Par Abdelkader Mechdal, économiste

Pourtant, pour mieux se positionner dans le cadre des accords de libre-échange, soit avec l’Union européenne ou l’Union africaine, qui rentreront en vigueur dès l’année prochaine 2020, l’Algérie est dans l’obligation de faire face à la concurrence imposée par les pays partenaires, si elle veut garantir une part de marché à ses entreprises, et une possibilité d’un développement durable pour son économie. Dans ce cadre, il est évident aussi que les pouvoirs publics doivent assainir tout un environnement hostile à l’investissement et au commerce pratiqués selon des règles universelles, tant que les intervenants sur le marché algérien ne profitent pas des mêmes conditions de travail, qui sont favorables à des parties ne respectant pas souvent les règles du jeu, en s’adonnant à des pratiques de marché parallèle.

Pour ce qui est de la partie européenne, il semble que l’accord a mis l’Algérie en défi puisqu’elle devait passer par plusieurs étapes dans sa concrétisation depuis sa signature en 2005, en appliquant un démantèlement tarifaire sur les échanges commerciaux entre les deux parties, chose qui a donné une position favorite aux entreprises européennes, ayant plus de moyens d’adaptation avec les besoins du marché algérien, que celles de la partie algérienne qui n’ont pas pu bénéficier des avantages de l’accord. Un autre problème rencontré est en relation avec la faible capacité d’absorption des aides européennes qui devaient accompagner les PME algériennes dans leur mise à niveau, ce qui a limité toute chance à la partie algérienne pour mieux exploiter l’ouverture du marché européen.

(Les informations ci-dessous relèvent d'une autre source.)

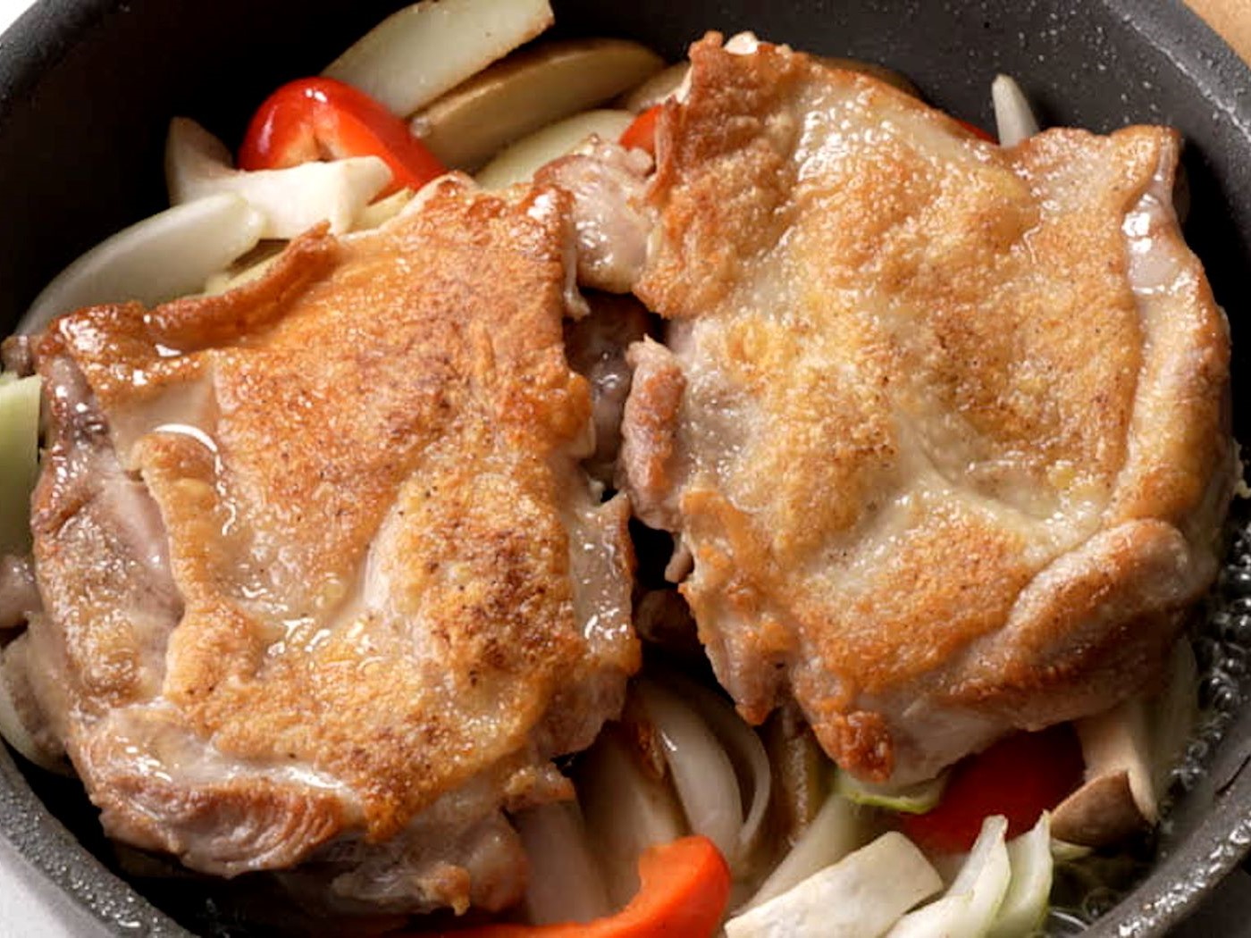 (5)の野菜の上に(4)のチキンを皮目を上にしてバットに残った汁ごとのせ、チキンコンソメを加えて沸いたら蓋をして蒸し焼きにする。約10分蒸し焼きにしたら、鶏肉を取り出して、付け合せを更に炒めて汁気を飛ばし、盛り付け皿に盛る。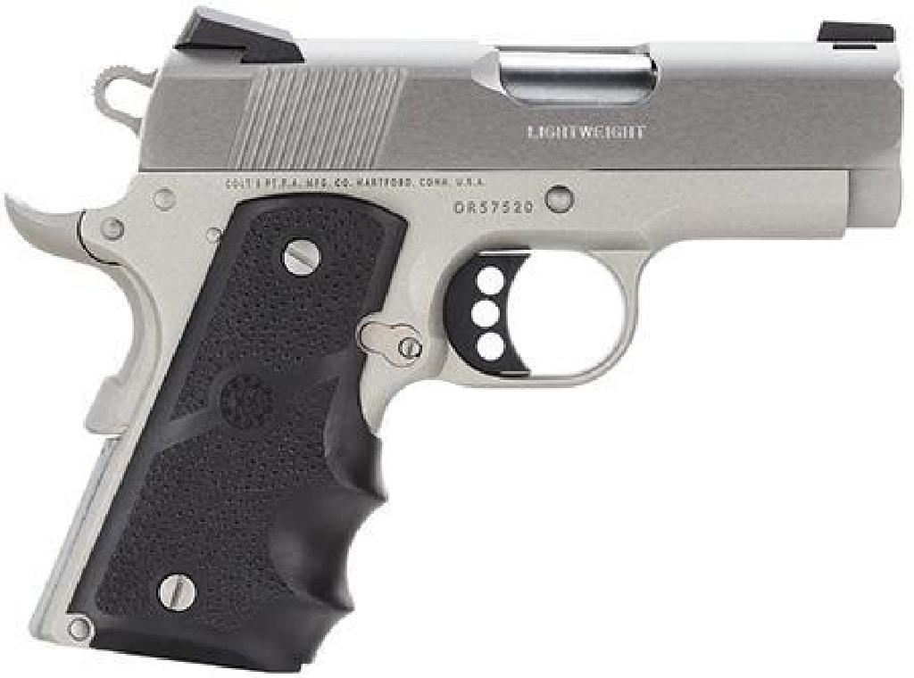 Specifications Frame Finish:Stainless Type:Pistol Action:Single Caliber:45 Automatic Colt Pistol (ACP) Barrel Length:3.0" Capacity:7+1 Safety:Manual Thumb/Grip Grips:Black Hogue Wraparound Sights:White Dot Carry Weight:24 oz Frame Material:Aluminum Alloy Slide Description:Stainless Steel Case Type:Hard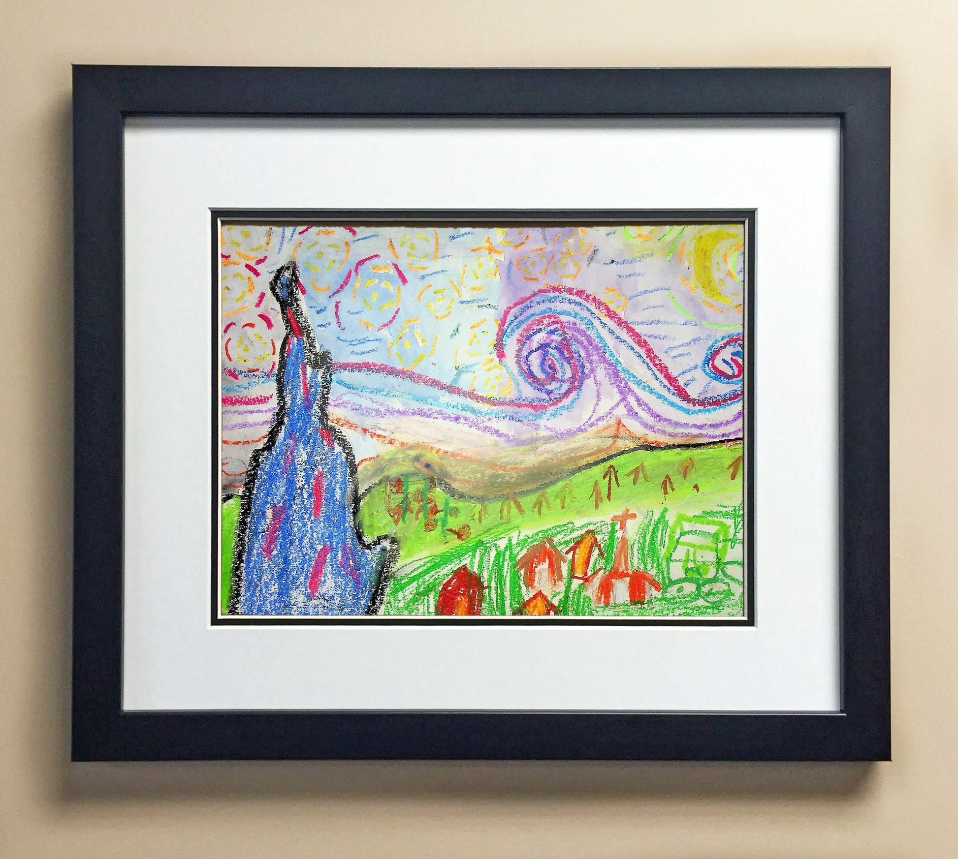 Included with the purchase is the Students Artwork, Frame, double matboard, shatter proof plexiglass, and a ready to hang backerboard with turnbuttons

En ce qui concerne la libre circulation des capitaux et des personnes, la partie algérienne devait améliorer le climat des affaires envers les investissements en général et européens en particulier, sans réussir de convaincre tant que la bureaucratie a pris le dessus éliminant ainsi toute délocalisation industrielle, ou transfert technologique. Alors que les aléas sécuritaires n’ont laissé aucune chance d’aller vers l’ouverture des frontières au profit des Algériens. En tout cas, des contraintes similaires vont être enregistrées dans le cas de l’accord avec l’Union africaine, là aussi la dynamique des entreprises algériennes c’est elle seule qui va conditionner la possibilité de la concrétisation des projets bénéfiques pour la partie algérienne, ce qui met encore une fois les autorités publiques devant le défi de maintenir un niveau conséquent de pénétration du promettant marché africain.